I have a list of around 100 matrices, that looks like this
A={{{425060., 2.14235*10^6, 0.49, 0.01, 0.38, 0.620161,
20.}, {1.24808*10^6, 1.53025*10^6, 0.04, 0.07, 0.31, 0.320312,
20.}, {7.39304*10^6, 1.40204*10^6, 0.83, 0.45, 0.09, 0.94842, 20.} .... {4.27537*10^6,
1.62124*10^6, 0.24, 0.28, 0.62, 0.721388, 20.1}, {3.27776*10^6,
2.25816*10^6, 0.01, 0.21, 0.72, 0.750067, 20.1}, {3.0814*10^6,
1.95624*10^6, 0.02, 0.19, 0.72, 0.744916, 20.1}, {2.42706*10^6,
1.25729*10^6, 0.03, 0.17, 0.7, 0.720972, 20.1}, {4.47196*10^6,
1.23247*10^6, 0.24, 0.27, 0.57, 0.674833, 20.1}, {1.57132*10^7,
1.65019*10^6, 0.76, 0.92, 0.5, 1.29383, 20.1} ......

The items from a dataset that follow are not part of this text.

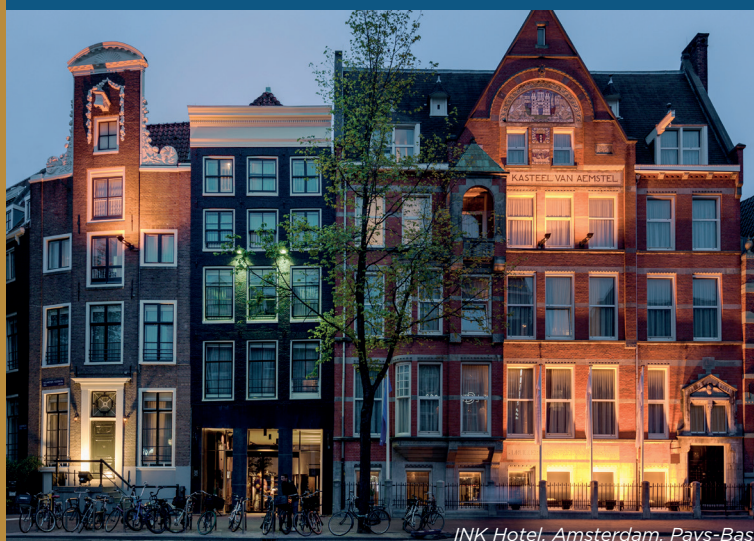
INK Hotel, Amsterdam, Pays-Bas

Les frais annuels de gestion du contrat (et si elle existe, la cotisation pour la garantie plancher) ont un impact sur la valorisation des UC du contrat adossées à Opcimmo
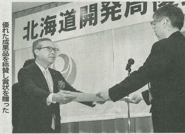
優れた成果を称賛し賞状を贈った

北海道開発局は26日、2023年度優良工事等局長表彰式を札幌第一合同庁舎で開いた。局長賞を受賞した工事31社、業務36社の代表と技術者に、柿崎恒美局長が表彰状を授与。生産性向上や脱炭素に取り組んだ高品質の工事、新たな手法提案などの創意工夫あふれる業務を遂行した各社とその技術者をたたえた。 22年度に完成した工事1409件、業務2391件を対象として、特に大きな成果を上げた工事30件、業務41件を選出。生産性向上で優れた成果を上げたり、担い手確保や二酸化炭素の削減に取り組んだ工事を多数選んだ。
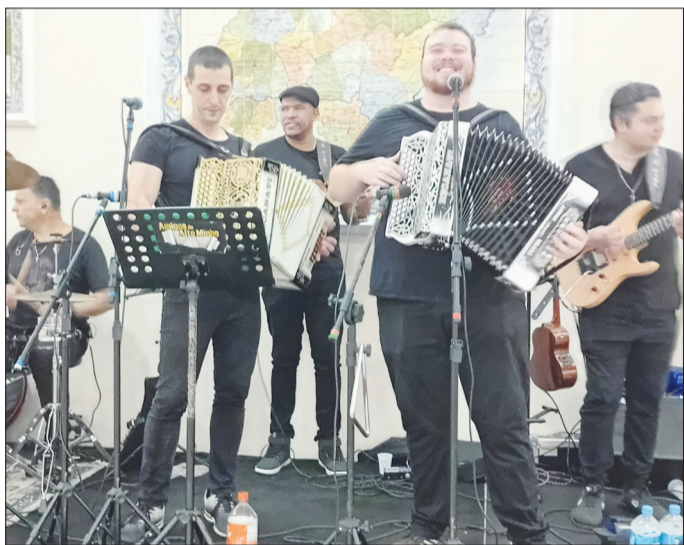
O Conjunto Amigos do Alto, marcou o ritmo musical, com um excelente repertório

Foi realizado no domingo passado, mas um almoço para festejar os aniversariantes do mês a diretoria transmontana como sempre dando um show de organização e simpatia com seus associados e amigos que prestigiam a casa. O cardápio transmontano da melhor qualidade com seu famoso churrasco completo mas Sardinha portu-
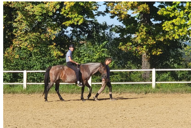
Sociální zemědělství v Polsku.

V Itálii se od roku 2000 stále více rozrůstají sociální farmy. Italské zemědělské prostředí by mohlo být pro rozvoj sociálních farem optimální. Kontakt s přírodou a zvířaty, životní styl respektující životní prostředí, klima a plody země, práce na půdě by mohla "léčit" nemoci, postižení nebo duševní, fyzické, sociální a ekonomické potíže. Sociální farma má svou úlohu: pečovat o jednotlivce, poskytovat jim zaměstnání a umožnit jim cítit se užitečnou součástí komunity. Na mnoha sociálních farmách často probíhají terapeutické činnosti, které mají zlepšit zdravotní stav lidí s postižením, autismem, ale také lidí s ekonomickými nebo sociálními potížemi. Stále více lidí by se rádo zapojilo a investovalo do sociálního zemědělství. Přesto však v systému existují určité potíže a kritické body, které v současné době sociální farmy brzdí. Závislost na veřejném financování a nejistota systému brání růstu odvětví. Rozvoj sociálních farem v Itálii omezuje také špatná spolupráce mezi sociálními farmami v rámci jednoho území a nedostatečná komunikace.
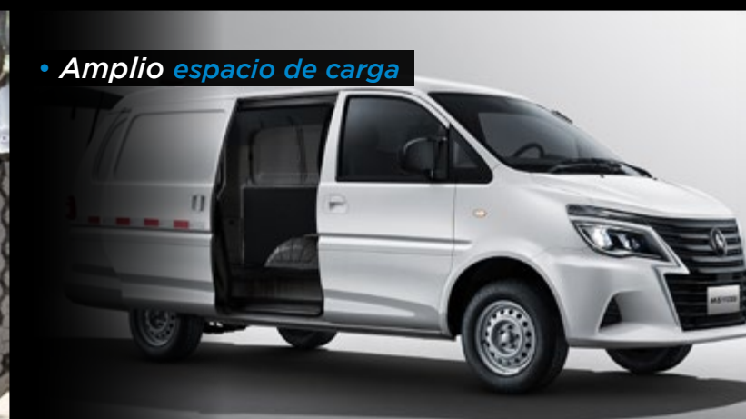
• Amplio espacio de carga
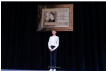
• 2024-05-29-XXXVIII Konkurs Recytatorski im. Antoniny Zachary-Wnękowej cz.1
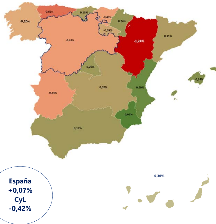
Variación interanual %
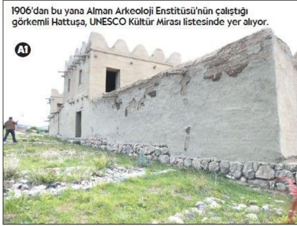
1906'dan bu yana Alman Arkeoloji Enstitüsü'nün çalıştığı görkemli Hattuşa, UNESCO Kültür Mirası listesinde yer alıyor.

Bu eşsiz tarihsel yerleri görmek için, Çorum'a önceki yıl 25 binden fazla yabancı turist gelmiş... Ancak terör korkusu ve "Avrupa ülkelerini dışlama siyaseti sonucunda", geçen yıl yabancı turist sayısı 2 bine inmişti! Oteller ve lokantalar boştu. Bu nedenle bu tesislerde çalışanların pek çoğunun işlerine de son verilmişti.
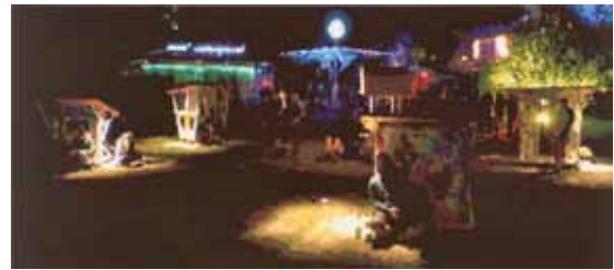
RÖMER + RÖMER: Chill Out zur Geisterstunde (2015) | 70 x 160 cm | Öl auf Leinwand | © RÖMER + RÖMER, Courtesy Galerie Michael Schultz / Foto: Eric Tschernow
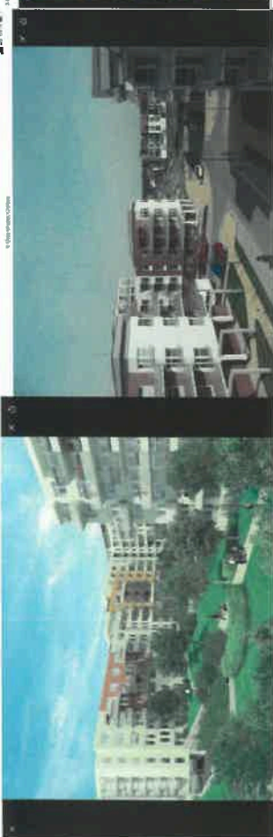
Bytový soubor Amerika 1 v Praze. Realizace Orco Property Group. 7. října 2021, 14:27:11
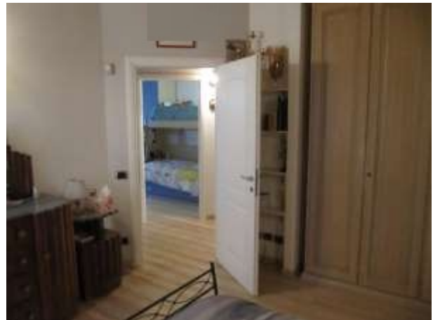
Interno – camera p.1
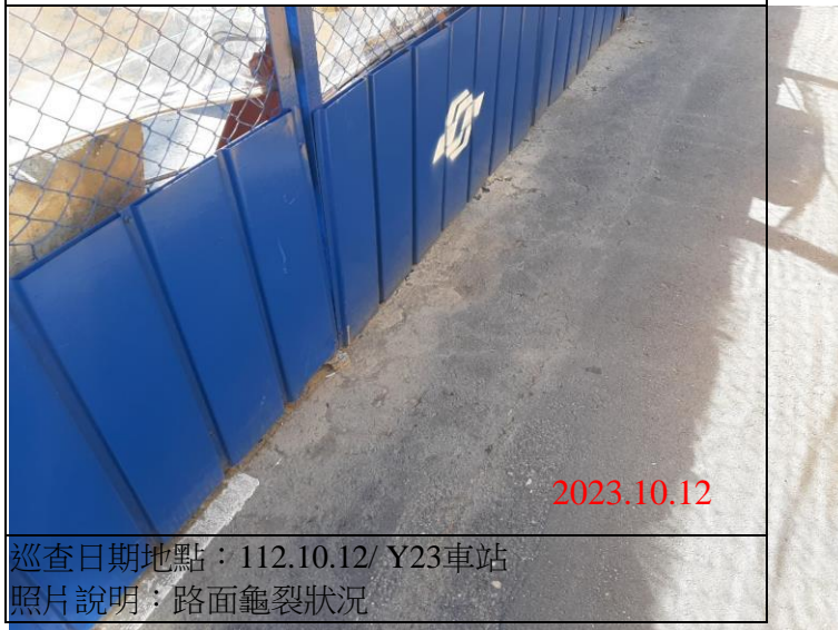
巡查日期地點：112.10.12/ Y23車站 照片說明：路面龜裂狀況
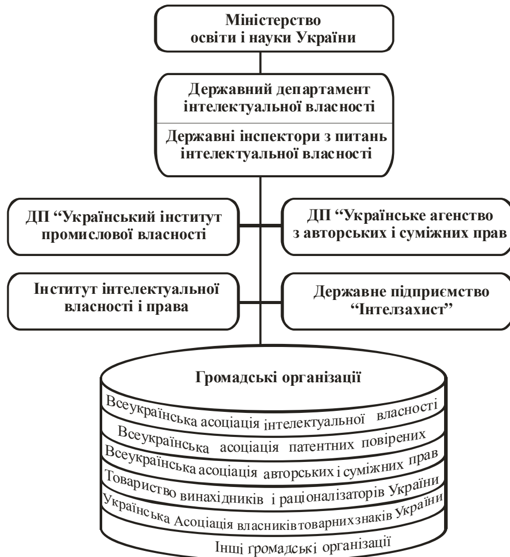
Рисунок 1.2 – структура державної системи правової охорони інтелектуальної власності

інтелектуальної власності, взаємодіє з громадськими організаціями, які опікуються інтелектуальною власністю.
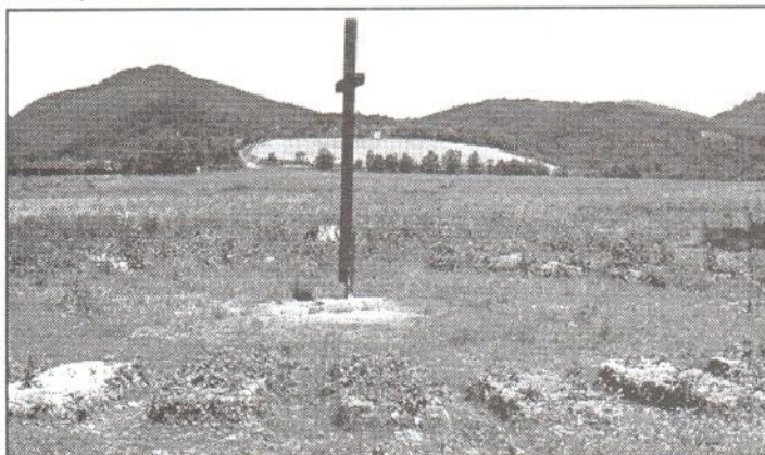
Vojenský cintorín z I. sv. vojny v Uliči. Na jeho obnove sa podieľa Obecny úrad v Uliči a Vihorlatské múzeum v Humennom.

Neskôr, na základe rozhodnutia velenia rakúsko-uhorskej armády sa po ústupe ruských vojsk z Karpát a západnej Haliče v máji 1915 začali zriaďovať spoločné vojenské cintoríny. V našom regióne padlých
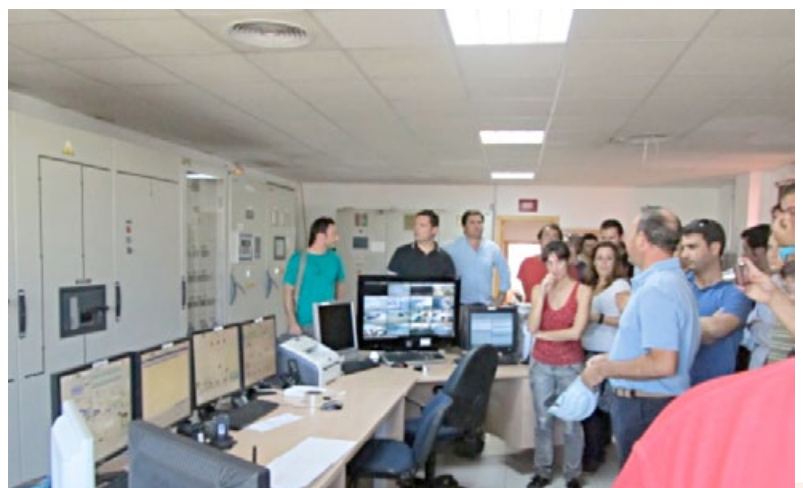
Actividad formativa en laboratorio
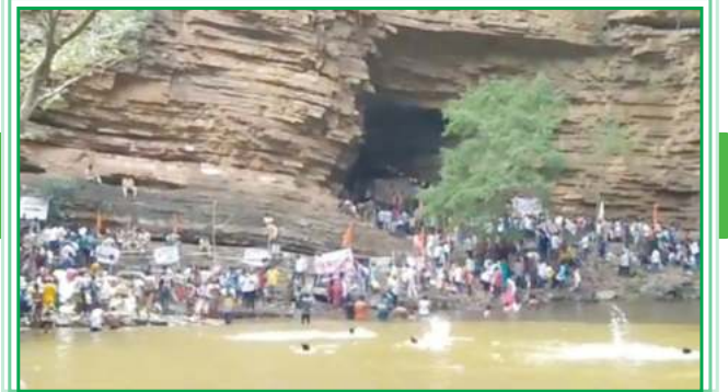
ఫారెస్ట్ అధికారులు పులుల సంరక్షణ పేరిట భక్తులకు ఆంక్షలు విధిస్తూ అనుమతి నిరాకరిస్తున్నారు. భక్తుల మనోభావాలకు అనుగుణంగా దైవ దర్శనానికి అనుమతనిస్తూ ఈ ప్రాంతాన్ని పర్యాటక కేంద్రంగా మార్చాలని ప్రజలు కోరుతున్నారు.
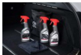
Zestaw kosmetyków samochodowych Toyota (PZWIG-OKIT1-00)
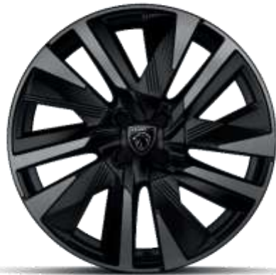
Jantes alliage 18" diamantées EVISSA bi-tons Noir Onyx, vernis Black Mist avec inserts Noir Onyx mat

De série sur ALLURE, GT En option sur BUSINESS (Sauf si Pneumatiques All Seasons))
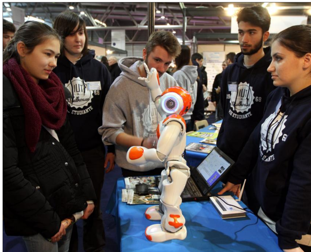
La Journée des carrières au Parc des expositions a permis à de nombreux collégiens et lycéens de découvrir Nao le robot, mais surtout le DUT Génie électrique et informatique industrielle de Mulhouse.

ADULTE.- Quand il y a trois ans les organisateurs de la Journée des carrières et des formations de Mulhouse avaient lancé un espace adulte, le succès avait été, disons... modéré. Trois ans plus tard, c'est une belle réussite, avec un espace de plus en plus développé, une affluence grandissante... Certes, des parents d'élèves y ont probablement passé du temps pendant que leur lycéen ou collégien parlait chercher sa voie dans le Parc-Expo, mais la pertinence d'un espace pour aider un salarié
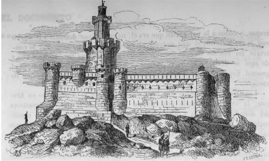
Castello dei Guebara, Spagna
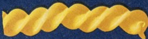
73 Fusillo grande
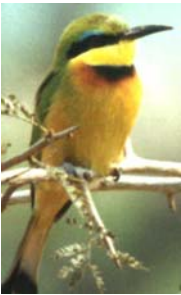
Merops variegatus Umusamanzuki
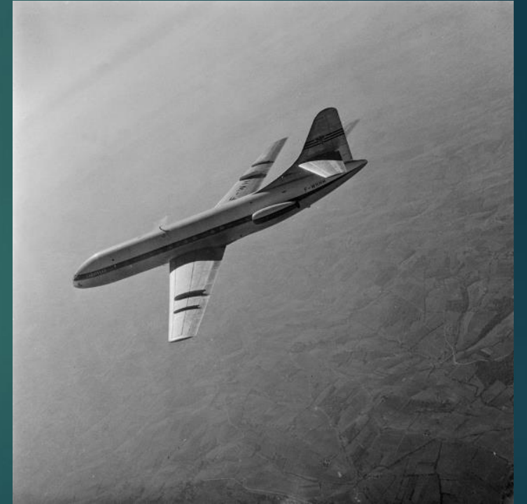
62 Fi 17418 – SE, 210 Caravelle
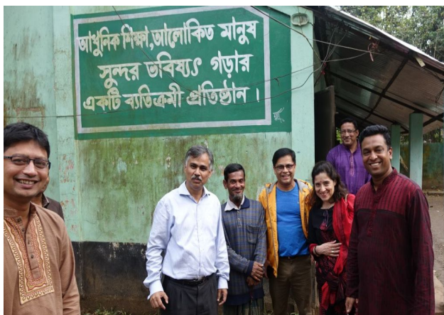
Совместная подготовка программы Школа Мечты

Each matrix has an unknown number of rows. Each matrix holds information about a group of particles at a given time. Columns 3,4,5 are the x,y and z coordinate of each particle. For each matrix, I want to compare the Euclidean distance between every two particles, and keep the particle whose distance from all other particles in that matrix is greater than 0.01. I want to use the following algorithm, I pick a matrix, then pick its first row, then I check whether EuclideanDistance[{#3, #4, #5}, {from all other particles}]> 0.01 then that row (that particle) gets copied into another matrix, if not, then ignore both the elements for further computation. This way a new list of matrix will be created with particles which are at least 0.01 units away from each other.
EDIT : I am getting error messages EuclideanDistance::argr: EuclideanDistance called with 1 argument; 2 arguments are expected. >> Pick::incomp: Expressions {{1.13266*10^7,1.40618*10^6,0.82,0.67,0.35,1.11526,22.7}} and {EuclideanDistance[{0.82,0.67,0.35}]>0.01} have incompatible shapes. >> EuclideanDistance::argr: EuclideanDistance called with 1 argument; 2 arguments are expected. >> Pick::incomp: Expressions {{1.13266*10^7,1.38136*10^6,0.82,0.67,0.35,1.11526,22.8}} and {EuclideanDistance[{0.82,0.67,0.35}]>0.01} have incompatible shapes
this is happening when there is only one element in the matrix, as EuclideanDistance
requires two arguments. Is there any way I can have the Euclidean distance skip over these single elements, yet the fina list of matrices will have those single elements?